Chapter 4. XML Transference from Data to Layout

The speed at which XML was adopted across the business sector was stunning. My first indication of the XML phenomenon came when I was teaching a seminar on maximizing the potential of Dreamweaver 3 at the Seybold conference in Boston. Trying to gauge the audience’s level of expertise, I asked how many people had used Dreamweaver before. All but two or three raised their hands. When I asked how many people were familiar with Cascading Style Sheets, only about 1/3 responded. “How many people here use XML in their business?,” I asked next. Three-quarters of the audience— an audience of Web developers, mind you—shot up their hands. Clearly, XML was a technology about to explode.

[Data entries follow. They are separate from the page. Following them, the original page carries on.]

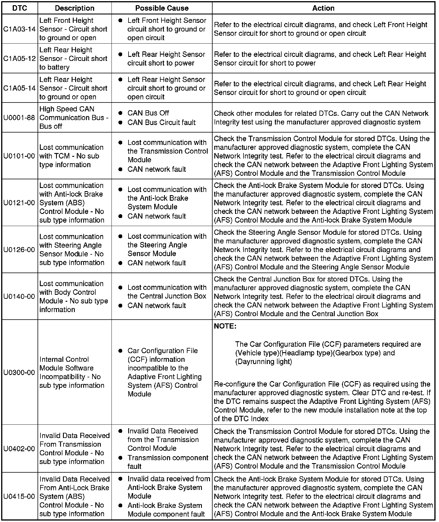 Generic scan tools may not read the codes listed, or may read only 5-digit codes. Match the 5 digits from the scan tool to the first 5 digits of the 7-digit code listed to identify the fault (the last 2 digits give extra information read by the manufacturer-approved diagnostic system).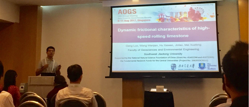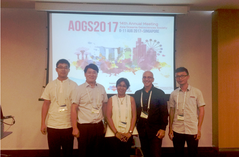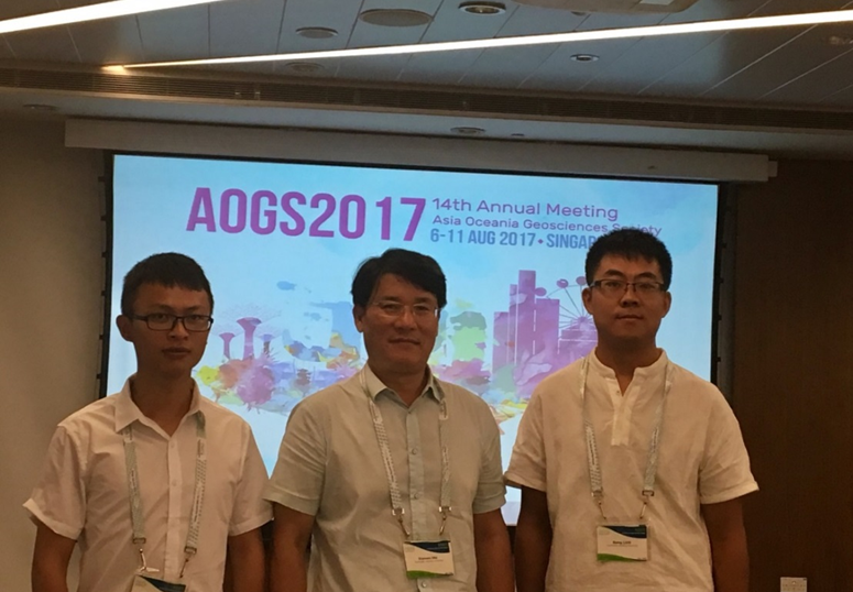 August 5thto 11th, 2017, the 14th Annual meeting of the Asia Oceania Geoscience Symposium (AOGS) was held at New City Convention Center of Singapore (Suntec Convention and Cisie Center), with 2,346 delegates from Asia and Oceania-related countries. A total of 1850 oral reports and more than 500 exhibitions were arranged in the conference. The conference focused on the earth and environment such as atmosphere science, planetary science, marine science, hydrology science, solid earth science, ecological geology science, geoscience interdisciplinary, etc. Prof. Hu Xiewen, Assistant Professor Luo Gang and Dr. Wang Yu attended and presented their papers at the conference.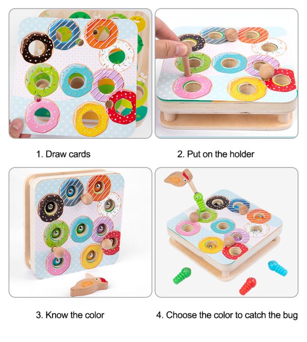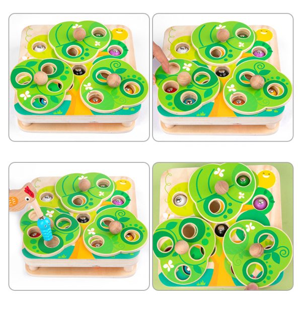 Fiecare viermisor contine un magnet. Pe langa undita, vom apela la ajutorul unei ciocanitori ca sa prindem viermisorii. Prinderea se face foarte simplu: ciocanitoarea are un mic magnet in varful ciocului cu ajutorul caruia prinde viermisorii colorati.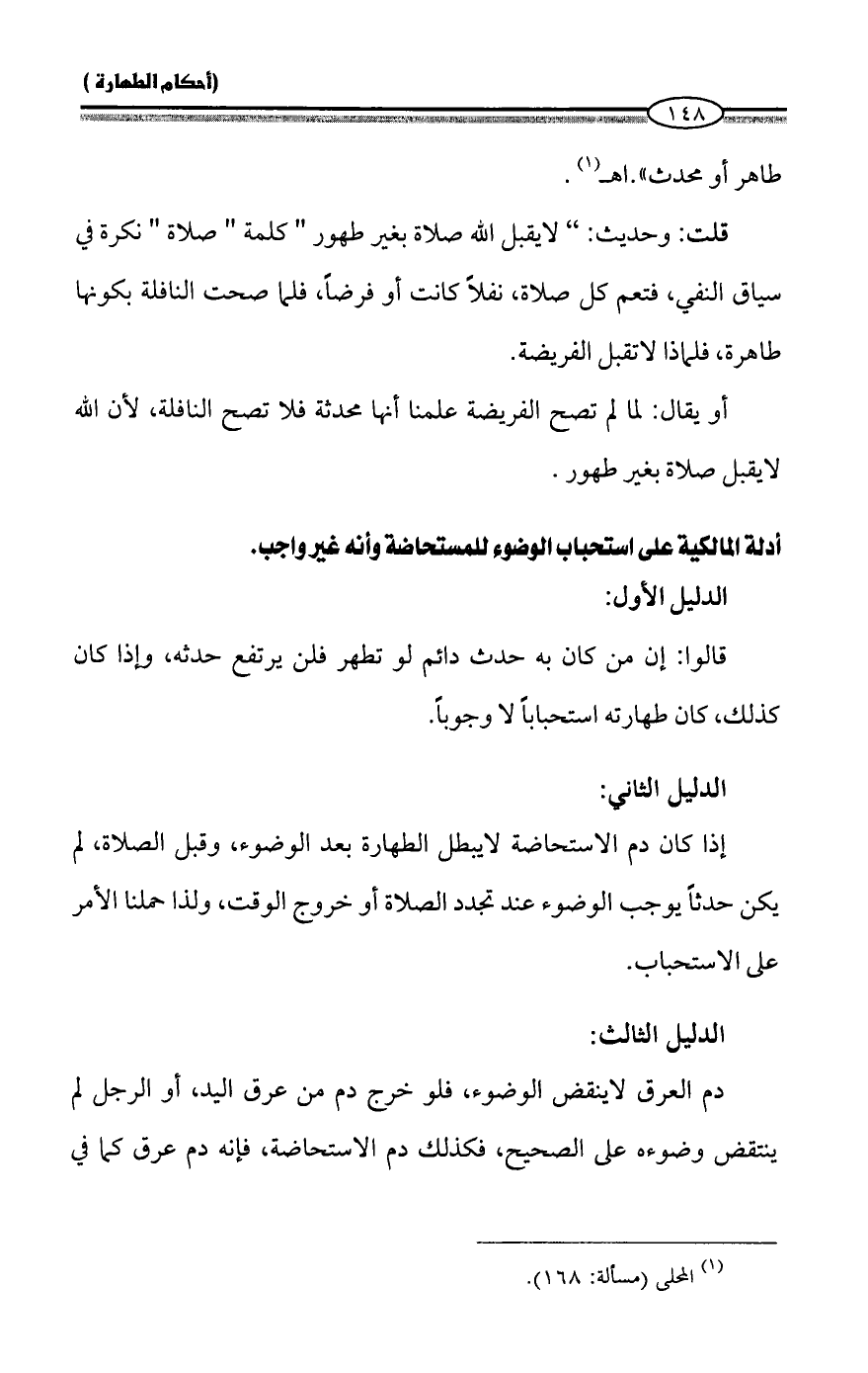 أدلة المالكية على استحباب الوضوء للمستحاضة وأنه غير واجب.

Dreamweaver has long maintained—since version 3, in fact—a strong XML connection. Importing and exporting of the well-formed XML file is only a menu option away. Of course, Dreamweaver assumes you know how to format the XML file properly for importing and how to make the most of exported data. Don’t worry if you don’t know how to do these things; those topics are part of what will be covered in this chapter.

The standard Dreamweaver XML features are powerful ones, but really only serve as a foundation for what is possible. In this chapter, you’ll see how to automate the production of Web pages from XML data. We’ll also explore techniques for structuring XML data as content, ready for import into a Dreamweaver template. Finally, we’ll look at how to extract the content from a document derived from a template and how to store the information in a data source.